▶ **To do**: From the data below, retype exactly the lines starting with the one that contains "ست 7 پارچه CEYKA" and ending with the one that contains "Mit Hut und", both included.

▶ **Extracted records**:
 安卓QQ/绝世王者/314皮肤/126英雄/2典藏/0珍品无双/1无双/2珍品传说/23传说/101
--
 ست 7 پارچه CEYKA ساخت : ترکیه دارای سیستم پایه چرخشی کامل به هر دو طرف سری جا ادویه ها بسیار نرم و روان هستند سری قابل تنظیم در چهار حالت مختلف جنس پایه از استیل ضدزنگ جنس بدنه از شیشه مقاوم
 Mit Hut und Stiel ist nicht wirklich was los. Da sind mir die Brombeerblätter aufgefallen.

▶ **Expected answer**:
 ست 7 پارچه CEYKA ساخت : ترکیه دارای سیستم پایه چرخشی کامل به هر دو طرف سری جا ادویه ها بسیار نرم و روان هستند سری قابل تنظیم در چهار حالت مختلف جنس پایه از استیل ضدزنگ جنس بدنه از شیشه مقاوم
 Mit Hut und Stiel ist nicht wirklich was los. Da sind mir die Brombeerblätter aufgefallen.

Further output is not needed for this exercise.